It's been one month since I delivered our third child and am now just starting to feel less upset. Both of my previous pregnancies and deliveries were fine. This one however wasn't.
Now....let's rewind. I had a GP during my pregnancy. One who wouldn't listen to me. One who didn't trust me. One who I felt did not care. Throughout my whole pregnancy I measured very large. I was not diabetic. I just build big babies. I have proof. I have had two very large babies and super strong and healthy. My first son was born at 37 weeks and was 8lbs 8 oz. My water broke and 10 hours later he was in my arms.
I began to get antsy near the end of my pregnancy. Growing larger and larger every minute. I also knew that I had a wedding to shoot 1.5 weeks after my due date. This shouldn't have been a stress to me if my newborn was going to come on time. However my doctor kept telling me she couldn't induce or do anything until I was a week over due. A WEEK OVERDUE!!!! Did she want me to have a 12 lb baby? Did she want me to have a c-section? Did she want me to shoot a wedding 5 days after a supposed c-section. I began to really start stressing, and was absolutely miserable. I was referred to an OB who has the ability to induce. I felt this was going to be my ticket to holding my baby sooner than later.

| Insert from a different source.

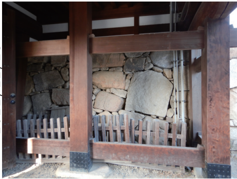
二の丸 表御門北側の被爆石垣 南から

She was only willing to induce me at 39 weeks however I was willing to take whatever she would give me because I needed this giant baby to come out. Many people warned me that being induced was way worse. I had never gone through an induction. Even the birth of my daughter they ended up just breaking my water and everything progressed very quickly.
Then......things went crazy.
I began pushing and only a couple pushes and he was out. Ahhhh.....time to relax. No I was wrong. When I felt him come out all of a sudden 20 people came rushing into the delivery room, people calling for NICU, and people yelling at me to PUSH. I was so confused. Why are they all panicking to get the placenta out....calm down people. I didn't even know what was going on. Everyone was yelling at me. Then three nurses started jumping on my stomach. The dr was doing her best but he was stuck. He was stuck in my bones! I had a birth plan. They knew I wanted delayed cord clamping and skin to skin immediately. After everyone jumping on my stomach finally his shoulders popped out. They laid him on my chest. That's when I looked at my husband in fear. He was purple. SO bruised. He was not breathing. They were trying to get him breathing but nothing was working. So they immediately cut the cord and rushed him off to get him breathing. After what felt like forever (a minute and a half) they put him back on my chest. He was breathing. He was pretty scary looking but he was ok.
They advised me that I had to stay as that was an awful delivery and they needed to monitor both baby and myself. At this point I was so frustrated that nobody listened. I was so frustrated that my baby was able to get as big 9lb 11oz at 39 weeks. I feel the delivery went the way it did because I was left too long. Could you even imagine 2 more weeks. How big would he have been then?
I got home with baby the next day and I felt so sad. Never had I thought I would have had an experience like that. It took me a while to wrap my head around it. It took me a while to smile again. I cried a lot. I was told to take it extremely easy. This was the hardest part of the last month. Having 2 other children and being an extremely busy mommy, how was I supposed to just sit. This definately added to my mood. I am not longer angry about it. Just a reality that unfortunately goes on. Whether its pregnancy or deliveries.....it happens all the time. People need to advocate for themselves.